A Port Orchard woman filed a complaint with the Kitsap County Sheriff’s Office on Sept. 19, 2016, accusing Marti of using a level of force that she categorized as an assault.
On Nov. 9, 2016, he was asked by a sheriff’s investigator for a statement. Marti didn’t respond. In fact, Marti didn’t respond for 11 months. Why? Because, he said, he didn’t feel like he had to. Read my officers’ case report, he said. “It’s a non-event.”
In the end, the prosecuting attorney found there wasn’t enough evidence of an assault to warrant prosecution. But Marti was still wrong to not comply with a request for information from an investigator. If the allegation was a “non-event,” as Marti states, then complying with the investigator’s request should have been no issue. He doesn’t get to pick and choose which requests he will comply with.
Some background: On Sept. 7, 2016, Port Orchard police investigated a report that a mother had struck her child. Ultimately, the woman was not arrested and not charged. But she became upset and yelled during the encounter with police. She said she lost her temper when an officer told her child, “I’m really sorry you have to be stuck with this mommy.” (Officer Jerry Jensen made no mention of that in his report, but did write, when the mom called 911, “I went back to my car while she had a meltdown with CenCom.”)
The mother told the Kitsap News Group that the 911 operator advised her to calm down and get out of her car, and that when she did so, “I was grabbed by my shoulders and shoved up against the car.” That was the level of force she categorized as an assault.
The woman visited Mayor Rob Putaansuu two days later and complained, and he recommended that she report any alleged assault to the Kitsap County Sheriff’s Office, which she did on Sept. 19, 2016.
Sheriff’s Sgt. Daniel Twomey wrote Marti on Nov. 9, 2016, advising he had completed a case report and forwarded it to the prosecutor’s office. Chief Deputy Prosecuting Attorney Ione George asked Twomey to obtain a statement from Marti regarding the incident. “I can take the statement from you orally, or I believe completing a supplemental report to your [case report] would suffice,” Twomey wrote Marti.
Almost 10 months later, on Aug. 31, 2017, George said she had recently asked again for the information.
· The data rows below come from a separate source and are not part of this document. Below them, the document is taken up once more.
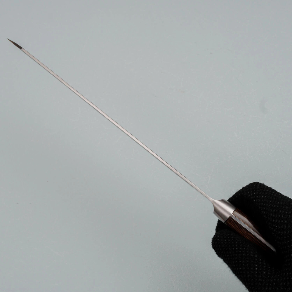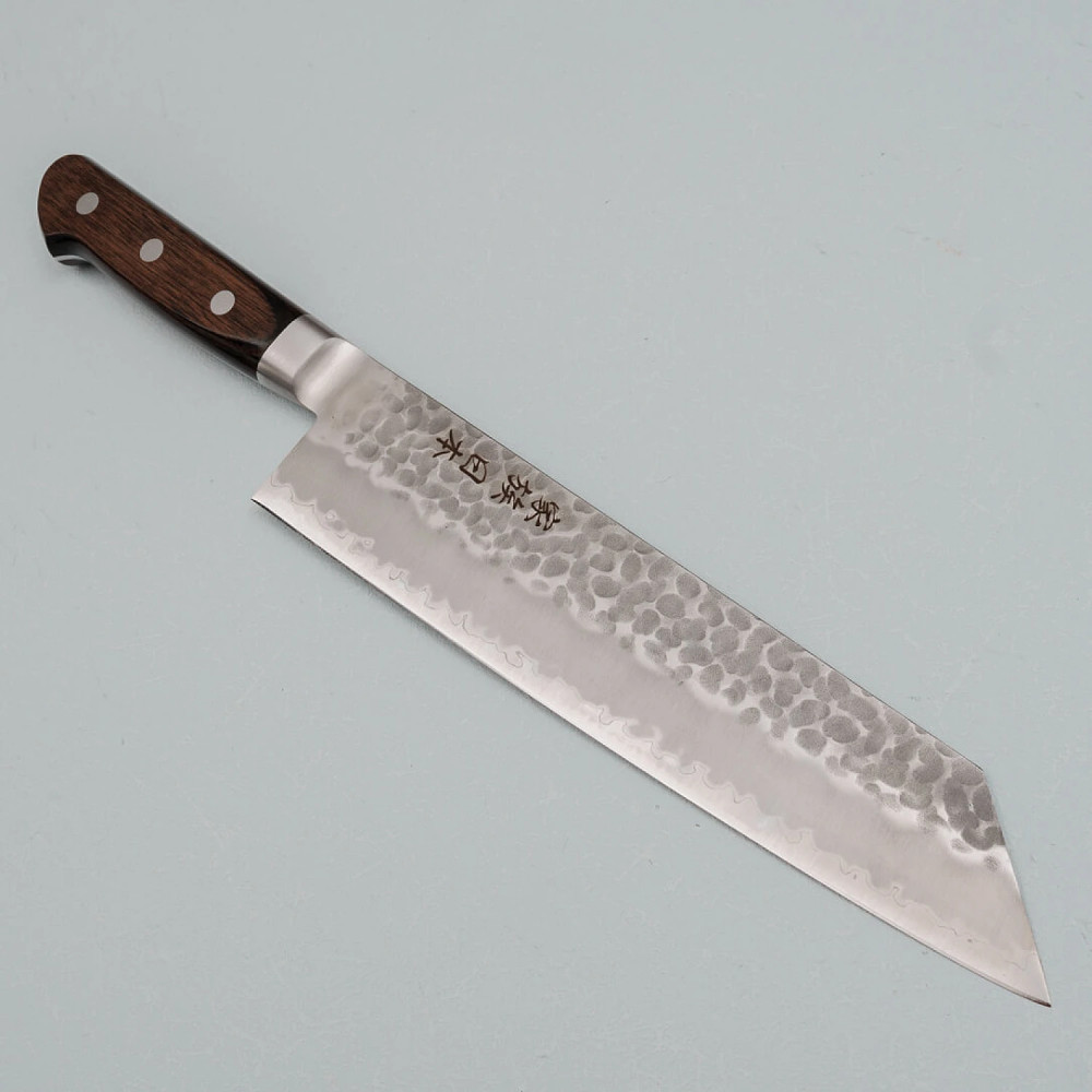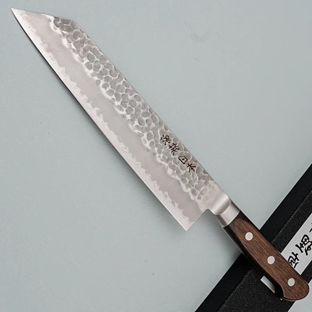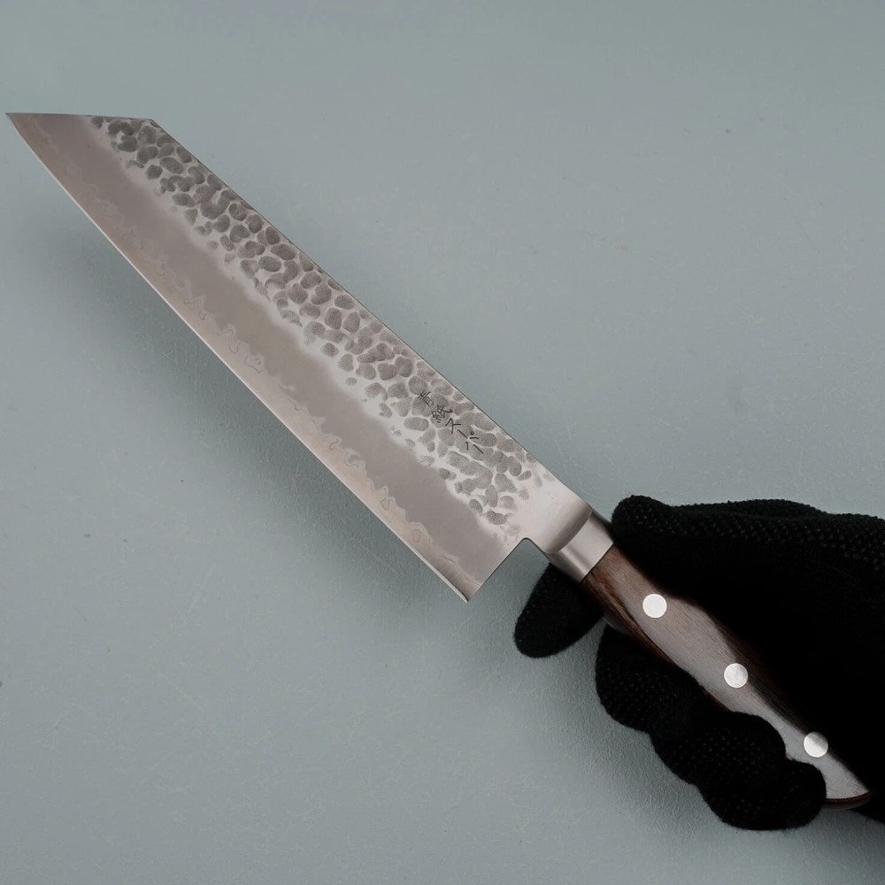 De kern van het lemmet is gemaakt van Aogami Blue Paper Super staal, een hoogwaardige legering verrijkt met chroom, wolfraam en koolstof, waardoor het uitzonderlijk hard en taai is. De buitenste lagen zijn van roestvrij staal met een kurouchi afwerking voor extra bescherming en een rustieke esthetiek. De tsuchime gehamerde textuur helpt het voedsel los te laten tijdens het snijden.
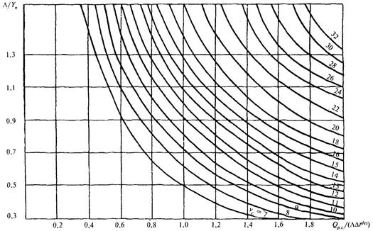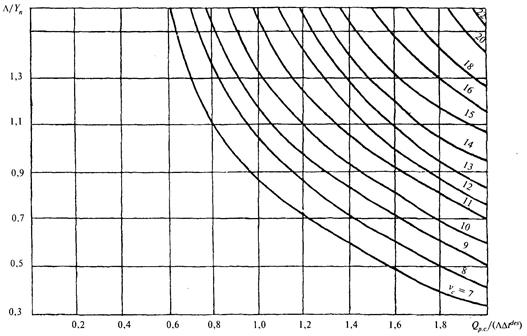 для i -го слоя (i = n -2, n -3,..., 1) — по формуле (59); г) для внутренних ограждающих конструкций величина Yint определяется как для наружных ограждений, но принимается, что в середине ограждений s = 0. Для несимметричных ограждений их середину следует назначать по половине величины S D всего ограждения; д) при наличии в ограждающей конструкции воздушной прослойки коэффициент теплоусвоения воздуха s в ней принимается равным нулю. В формулах (57) — (60) и неравенствах: D 1, D 2,..., Dn — тепловая инерция соответственно 1-го, 2-го,..., n -го слоев конструкции, определяемая по формуле (53); Ri,.., Rn -1, Rn — термические сопротивления, м2·°С/Вт, соответственно i -го,..., (n -1)-го и n -го слоев конструкции, определяемые по формуле (8); s 1,..., si,..., sn -1, sn — расчетные коэффициенты теплоусвоения материала 1-го,..., i -го,..., (n -1)-го и n -го слоев конструкции, Вт/(м2·°С), принимаемые по приложению Д; Yi +l — коэффициент теплоусвоения внутренней поверхности (i +1)-го слоя конструкции, Вт/(м2·°С); a ехt — то же, что и в формуле (8). 11.2.2.4 Полученная по формуле (54) расчетная амплитуда колебаний результирующей температуры помещения 11.2.2.5 Выбор типа теплоаккумулирующего прибора по показателю затухания тепловой волны в нем vc производится по графикам рисунков 2—4 для различных режимов его зарядки в зависимости от сочетания L/ Yn и Qp.c /(LD tdes), обеспечивая в левом секторе от кривых условие
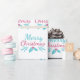 "Texto de Natal Brilhante e Feliz" White Wrapping Paper (Livro Branco sem costura) apresenta turquesa vibrante e texto cor-de-rosa "Feliz Natal", criando um olhar alegre e moderno que traz uma reviravolta para o final das férias.
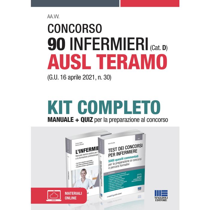 Concorso 90 Infermieri (Cat. D) AUSL Teramo (G.U. 16 aprile 2021, n. 30). Kit completo. Manuale + quiz. Con materiali online
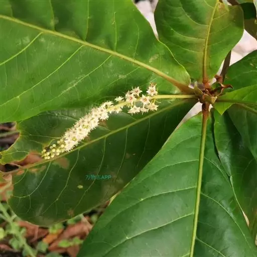 穗状花序长而纤细,腋生,长15-20厘米,雄花生于上部,两性花生于下部;苞片小,早落;花多数,绿色或白色,长约10毫米;花瓣缺;萼筒杯状,长8毫米,外面无毛,内面被白色柔毛,萼齿5,三角形,与萼筒几等长;雄蕊10枚,长约2.5毫米,伸出萼外;花盘由5个腺体组成,被白色粗毛;子房圆锥形,幼时被毛,成熟时近无毛;花柱单一,粗壮;胚珠2颗,倒悬于室顶。果椭圆形,常稍压扁,具2棱,棱上具翅状的狭边,长3-4.5厘米,宽2.5-3.1厘米,厚约2匣米,两端稍渐尖,果皮木质,坚硬,无毛、成熟时青黑色;种子一颗,矩圆形,含油质。花期3-6月,果期7-9月。
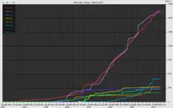 The use of bots to generate large numbers of articles is visible as "growth spurts" in this graph of article counts at the largest eight Wiktionary editions. (Data as of December 2009)
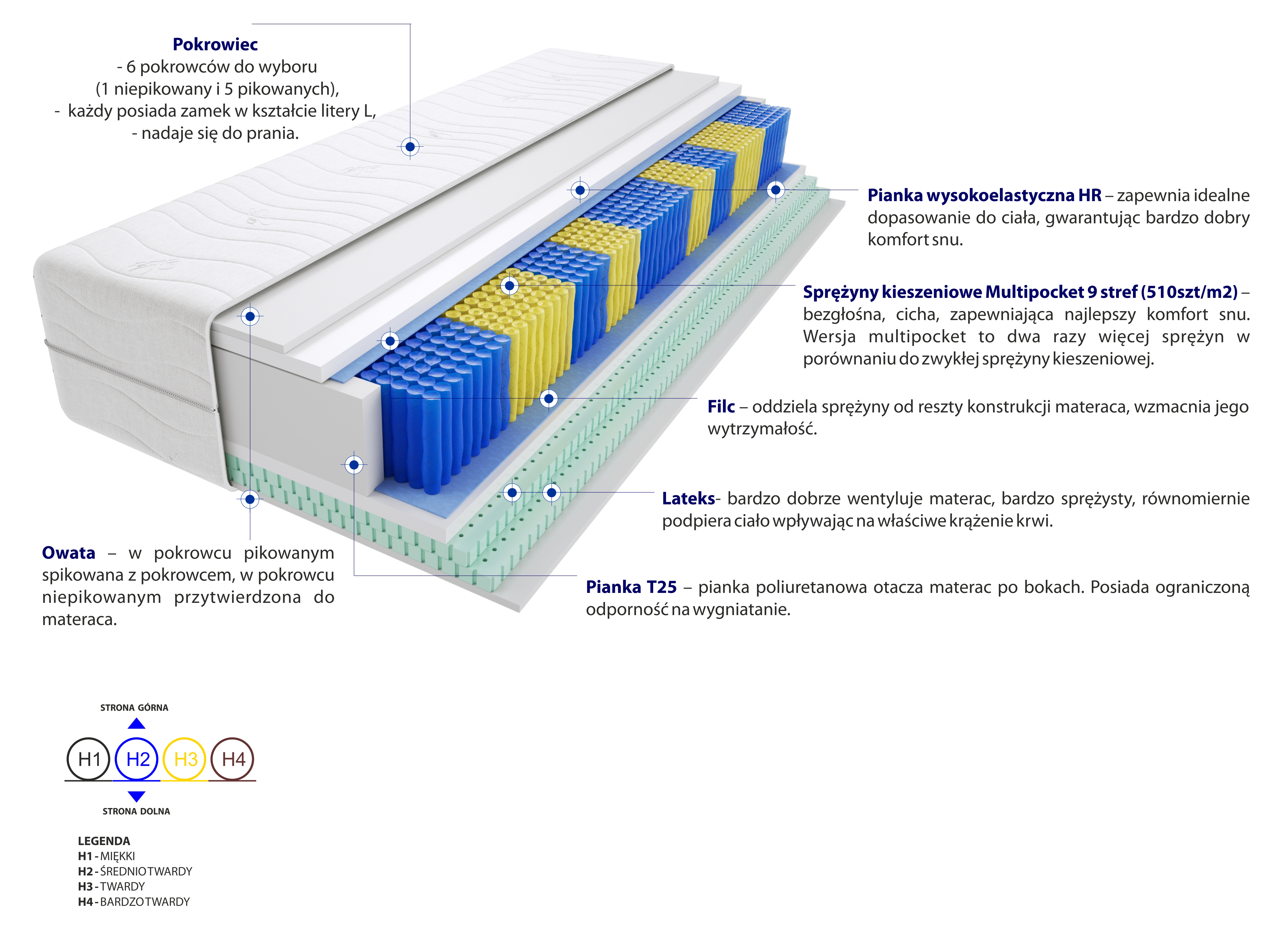 sprezyny-kieszeniowe-multipocket, pianka-wysokoelastyczna-hr, 2x-lateks, pianka-t25, pokrowiec, filc, wlokno-klimatyzujace
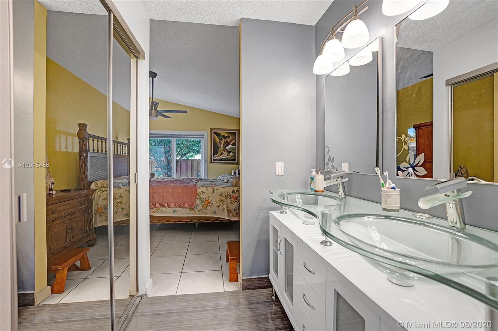 Patio home in Ivanhoe, Davie, rarely available move in ready 2/2. Perfect for retirees that still want a backyard or a couple's first home. Beautiful sitting area in the entrance, Brick pavers in the back patio where you can barbecue. Upgraded kitchen with stainless steel appliances, beautiful quartz and backsplash. Split level bedrooms with double sinks in master bathroom and upgraded tiles. Impact windows throughout the house. Excellent neighborhood. Community pool. Low HOA.
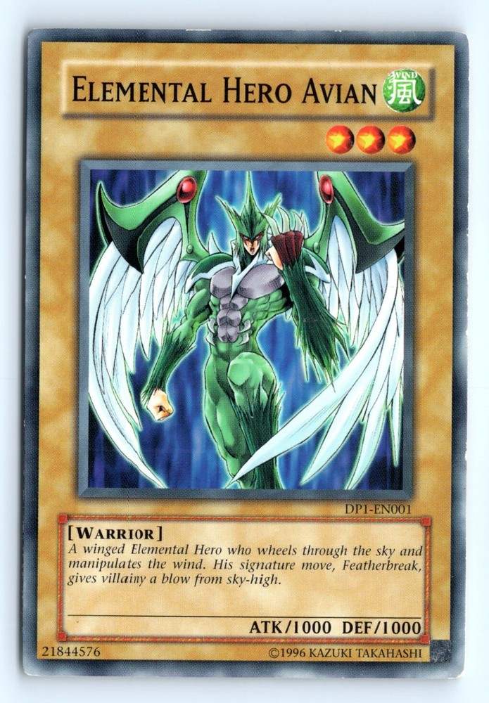 Cards 20$ or Less in Price Will be shipped in a penny sleeve and in a top loader or Semi Rigid card holder by Ebay standard envelope. Please check out the scans for a good look at the condition. This is a example of a Duelist Pack 1: Jaden Yuki #DP1-EN001 Elemental Hero Avian . Please check out our other listings for more great cards.
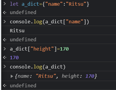 7. dictionary에 담겨있는 값을 출력하기 위해서는 키 값을 불러줘야 한다. 예를 들어, a_dict라는 딕셔너리에 담긴 Ritsu를 출력하고 싶으면 console.log(a_dict["name"]) 을 쓰면 제대로 Ritsu가 출력되는 것을 알 수 있다.

Asked why the next day, Marti told this newspaper that the allegation was “a non-event” and that the sheriff’s office should simply read his own officers’ case reports.
Even though the investigation was completed, the sheriff’s office and the prosecutor’s office declined to release documents related to the case; presumably, because the prosecutor had asked for a statement from Marti, officials were able to claim the investigation was ongoing and the documents therefore exempt from public disclosure.
This forced this newspaper to file public records requests with several agencies so we could gather facts regarding what had happened. (In our public records requests, we learned Marti has been the subject of five employee incident reports, one of which resulted in a warning and two of which involved his temper; the latter two spurred our interest in the Sept. 7, 2016, case.)
After our last public records requests, perhaps coincidentally, Marti submitted the information George sought and she issued her decision.
This should never have been allowed to drag on this long. In our opinion, Marti received treatment that generally would not be afforded anyone else.
The public deserves to know that all individuals, even police chiefs, are treated the same under the law.